So here I am on the day of Trump’s Masque Of The Orange Death rally, reclining on my bed attired solely in a burgundy-colored terrycloth spa robe, blow-drying my bush.

I suppose I should back up and explain.

I have been a very patchy blogger since the Orange F ck was elected — it’s like fighting your way through a massive depression just to keep going, I live right outside DC, the waves of evil and stupid pulsing out of the government district are like gouts of poison gas — and even more absent lately. See, what happened was, here I am almost all the way back from getting both hips Borged February was a year ago, blowing up a 500 pound sled, four miles of hills daily, and then thank you very much I start going through shall we say a repeat of puberty. The ladies can sort this out. I had been up on the rack for the customary fourteen-point check and oil change in January so this was weird. A month, an MRI and a bravura effort later, from an ultrasound technician who went medieval on my stomach with a — well, you remember the big foofaraw about states wanting women to get ultrasounds before ending a pregnancy because looks like a baby something something? The whole violation element involved? Think of someone using that dingus like a tire lever.

Actually, it looked like a water balloon.

Actually, it kind of was a water balloon, attached to my girl bits, only, not to drop a spoiler, it was more or less filled with (sorry) snot. This phenomenon shall henceforth be known as the “Ephraim McDowell Special,” or Phred for short. It is a young woman’s neoplasm, and I have no idea why it decided to set up shop in an actual Medicare subscriber. Curiously, the riveting tale of the first successful excision of one of these was a chapter in the History of Surgery that I read to tatters at age 10 before I realized I would make a shitty doctor because I actually like taking care of people.

I realize this verges on what my Albino Ex used to call “the organ recital” (he had a friend with an unfortunate habit of sharing the minute details of an annual “Millennium Scan,” before we tied him to a chair and beat him with feather pillows, until he promised to stop before he glowed in the dark). But, well, long silence bears explanation.

Apparently when you are toned and ruthless, you can plow hills with a ten-inch-across oblate thingy inside you and only notice feeling a little as if you’ve been going heavy on the beans. Well, vegetarian.

Anyway, fast forward to the local teaching hospital, a surgeon who looks about twelve, masks everywhere, temperature checkpoints, and a chirpy, excited nursing staff who didn’t even wait for me to wake up all the way before telling me on the trip back to my room: “Everyone’s saying they took like a whole turkey out of you! Wanna see the pictures?”

Bedside manner.

Really most of them were nice. There was the one who would never shut the bathroom door after herding me in there (house rules, no one walks to the can unsupervised). And then there was the Night Of The Long Blood Pressure Cuffs, when all my chitlins coming back online after a double transabdominal nerve block hurt so frickin much that my pressure unsurprisingly skyrocketed. The medical solution to this problem is to wake up the victim prisoner patient EVERY GODDAM HOUR ON THE HOUR ALL NIGHT LONG to check it again. By five a.m. I was screaming fornicatory maledictions and threatening to break the fourth floor window and go out of it.

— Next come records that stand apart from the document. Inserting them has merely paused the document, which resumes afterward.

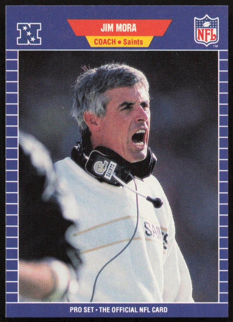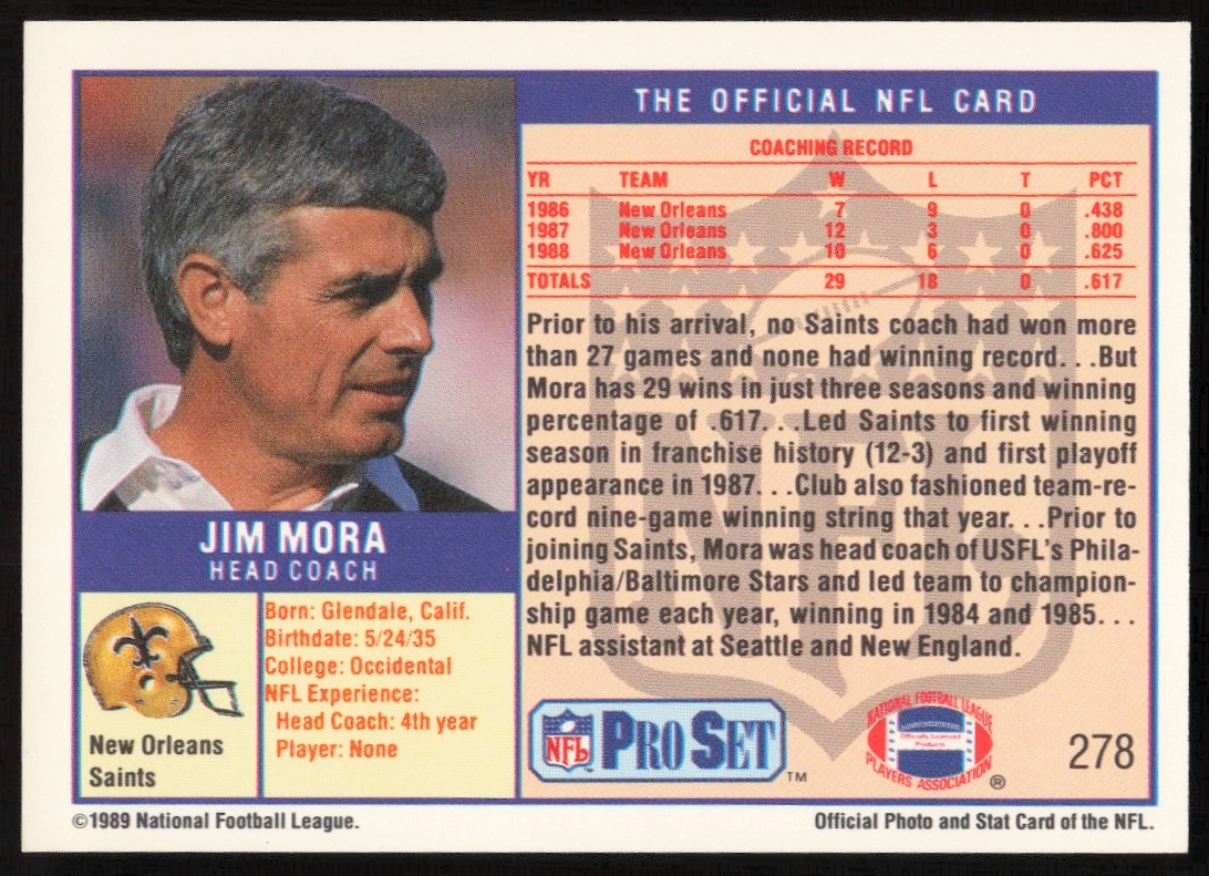 This Football card, from 1989 is part of the Pro Set card set. Jim Mora is featured and has a card number of 278.
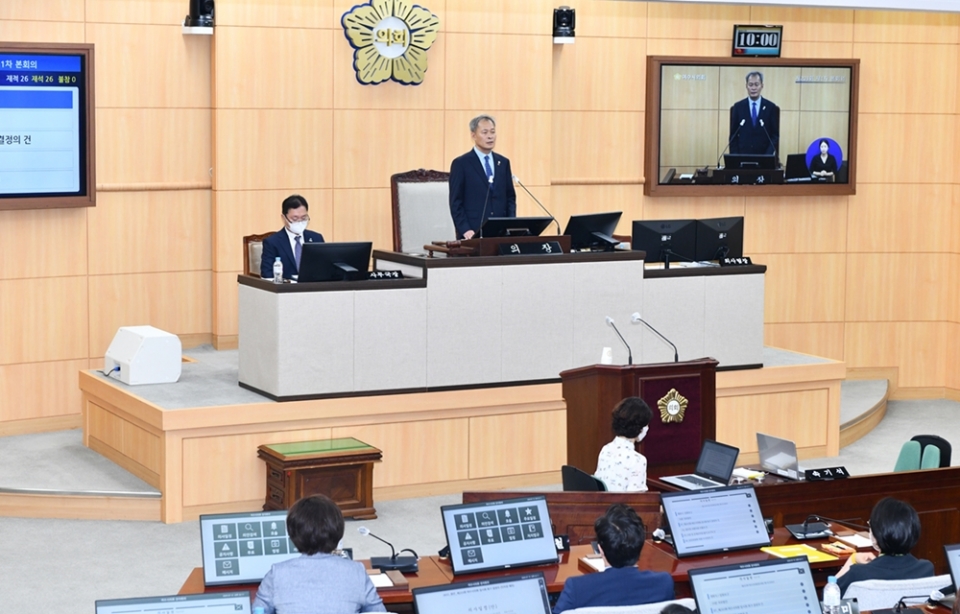 전창곤 의장은 이날 제206회 정례회 개회사에서 “시정부가 청사별관 증축, 미평공원 도로개설 등 현안업무를 불공정하게 처리하고 있다는 우려의 목소리가 곳곳에서 나오고 있다”며 이같이 밝혔다.
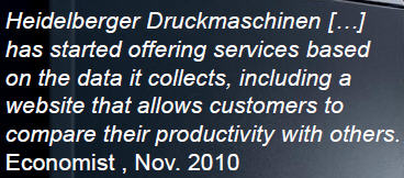 Mit Prinect Performance Benchmarking bietet Heidelberg Druckereien eine neue SaaS-Lösung, um die Produktivität der eingesetzten Speedmaster Druckmaschinen anonym mit den Leistungen von Maschinen in anderen Kundenbetrieben zu vergleichen. Dazu werden die Druckleistungen der angeschlossenen Maschinen automatisch von Heidelberg online erfasst, zentral ausgewertet und in einem Internetportal zur Auswertung bereit gestellt.
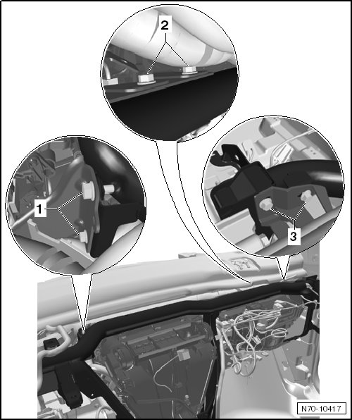 - Remove screw - 1 - behind instrument cluster (3.5 Nm).
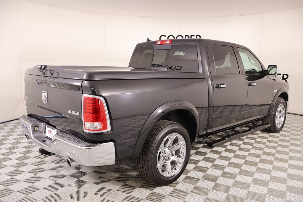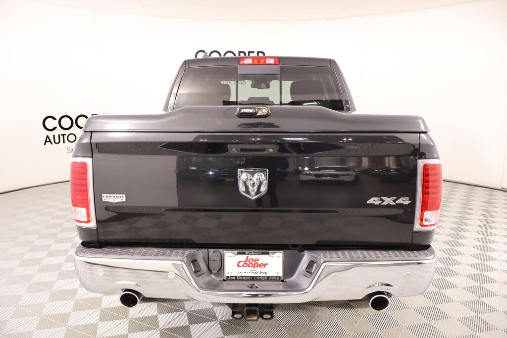 Joe Cooper Chrysler Dodge Jeep Ram of Yukon **405-265-1400** Brilliant Black Crystal Pearlcoat 2017 Ram 1500 Laramie 4WD HEMI 5.7L V8 Multi Displacement VVT THIS VEHICLE COMES EQUIPPED WITH THE FOLLOWING OPTIONS AND FEATURES: Convenience Group (Auto High Beam Headlamp Control, Keyless Enter-N-Go, Rain Sensitive Windshield Wipers, and Remote Proximity Keyless Entry), Protection Group (Tow Hooks), Quick Order Package 26H Laramie, Cooper Certified Certified, 20" x 9" Chrome Clad Aluminum Wheels, 4-Wheel Disc Brakes, 8.4" Touchscreen Display, ABS brakes, Active Grille Shutters, Adjustable pedals, Air Conditioning, Anti-Spin Differential Rear Axle, Auto-dimming Rear-View mirror, Automatic temperature control, Brake assist, Bright Rotary Shifter, Bumpers: chrome, Compass, Delay-off headlights, Dual front impact airbags, Dual front side impact airbags, Electronic Shift, Electronic Stability Control, Emergency communication system: Uconnect Access, Front anti-roll bar, Front dual zone A/C, Front fog lights, Front wheel independent suspension, Fully automatic headlights, Heated Front Seats, Heated Steering Wheel, Illuminated entry, Integrated Voice Command w/Bluetooth, Low tire pressure warning, Memory seat, Occupant sensing airbag, Overhead airbag, ParkView Rear Back-Up Camera, Pedal memory, Power 10-Way Memory Driver & 6-Way Passenger Seats, Power driver seat, Power steering, Power windows, Radio: Uconnect 3C w/8.4" Display, Rear 60/40 Split Folding Seat, Rear anti-roll bar, Remote keyless entry, Remote Start System, Security system, Speed control, Steering wheel mounted audio controls, Tilt steering wheel, Tip Start, Traction control, Ventilated Front Seats, 10 Speakers, 115V Auxiliary Power Outlet, 3.21 Rear Axle Ratio, Alloy wheels, AM/FM radio, Audio Jack Input for Mobile Devices, Audio memory, Auto-dimming door mirrors, Body Color Fender Flares, Center Hub, Driver door bin, Driver vanity mirror, Folding Flat Load Floor Storage, Front Center Armrest w/Storage, Front reading lights, Garage door transmitter, GPS Antenna Input, Heated door mirrors, Heated front seats, Heated steering wheel, High Back Seats, Leather steering wheel, Leather Trim 40/20/40 Bench Seat, LED Bed Lighting, Media Hub (USB, AUX), Outside temperature display, Overhead console, Panic alarm, ParkSense Front/Rear Park Assist System, Passenger door bin, Passenger vanity mirror, Power door mirrors, Power passenger seat, Radio data system, Rear seat center armrest, Rear step bumper, Remote USB Port, SIRIUSXM Satellite Radio, Split folding rear seat, Tachometer, Trip computer, Turn signal indicator mirrors, Uconnect Access, Variably intermittent wipers, Ventilated front seats, and Voltmeter. REAR VIEW CAMERA, LEATHER, ONE OWNER, KEYLESS ENTRY, BLUETOOTH HANDS FREE, 20" x 9" Chrome Clad Aluminum Wheels, 4-Wheel Disc Brakes, 8.4" Touchscreen Display, ABS brakes, Active Grille Shutters, Adjustable pedals, Air Conditioning, Anti-Spin Differential Rear Axle, Auto High Beam Headlamp Control, Auto-dimming Rear-View mirror, Automatic temperature control, Brake assist, Bright Rotary Shifter, Bumpers: chrome, Compass, Convenience Group, Delay-off headlights, Dual front impact airbags, Dual front side impact airbags, Electronic Shift, Electronic Stability Control, Emergency communication system: Uconnect Access, Front anti-roll bar, Front dual zone A/C, Front fog lights, Front wheel independent suspension, Fully automatic headlights, Heated Front Seats, Heated Steering Wheel, Illuminated entry, Integrated Voice Command w/Bluetooth, Keyless Enter-N-Go, Low tire pressure warning, Memory seat, Occupant sensing airbag, Overhead airbag, ParkView Rear Back-Up Camera, Pedal memory, Power 10-Way Memory Driver & 6-Way Passenger Seats, Power driver seat, Power steering, Power windows, Protection Group, Quick Order Package 26H Laramie, Radio: Uconnect 3C w/8.4" Display, Rain Sensitive Windshield Wipers, Rear 60/40 Split Folding Seat, Rear anti-roll bar, Remote keyless entry, Remote Proxim

Does not work and play well with others.

Anyway, they sprung me about 36 hours after that, and I have been chilling at home trying to decide what tattoo to get over the 44-staple zipper they had to open up to get at Phred, who apparently was not an especially hostile alien but just wanted a place to be, kind of like when  you find a raccoon has given birth in your attic. Meanwhile, now that the staples are out and it’s just got tape on it, I am supposed to ALWAYS KEEP IT DRY. Including the part where they clearly realized they were going to have to cut further than anyone expected, leaving the last three staples in an area that ought properly to have been baldicated. Phred was ambitious.

Hence the hair dryer. I like to shower a lot. Also, walking. Supposed to help. I am in the Tidewater and it’s summer. No health club in the area has a steam room because all you have to do is walk outside, never mind walking a mile, which is the current stage. Working up.

Oh, they took my appendix just while they were in there. Thieves. I have no idea what the black market price is for an intact appendix but I’m checking eBay.

The blessed Engineer saved my life with oatmeal cookies (hospital food never changes), the divine Azahar, who’s weathered a lot worse, has been my spirit guide, and I manage to have only one hysterical meltdown a day. I want a thirty pound dumbbell so bad I can taste it (currently limited to ten, which is barely worth picking up), and threw arm shots at the mandated home physical and occupational therapists (“Why did they send us here?”), after explaining that those poles were not “mobility aids,” they were Alpine walking equipment. The OT was from the Indian subcontinent, saw my “Namaste” plaque, greeted me accordingly, and settled in to talk about pranayama and daal recipes. Shame he has no need to come back.

It takes my mind off our national creeping crisis, but only intermittently.

Send animal and garden and art pictures.


Sorry, Josh

Sooner or later I was going to start melting down. Yesterday I lost it and started screeching until I couldn’t get my breath after the third try attempting to sign into my bank’s phone app so I could deposit checks that I’m afraid to take into the bank — I’ve never done this before, I can’t see, I’m not a natural techy person, did I mention I can’t see?, I spent my whole life in school being shamed to the point of abuse for what I now realize is a genuine sort of dyslexia only with numbers (I can look straight at a simple string of digits and add them the same wrong way three times), and I haven’t made it work yet.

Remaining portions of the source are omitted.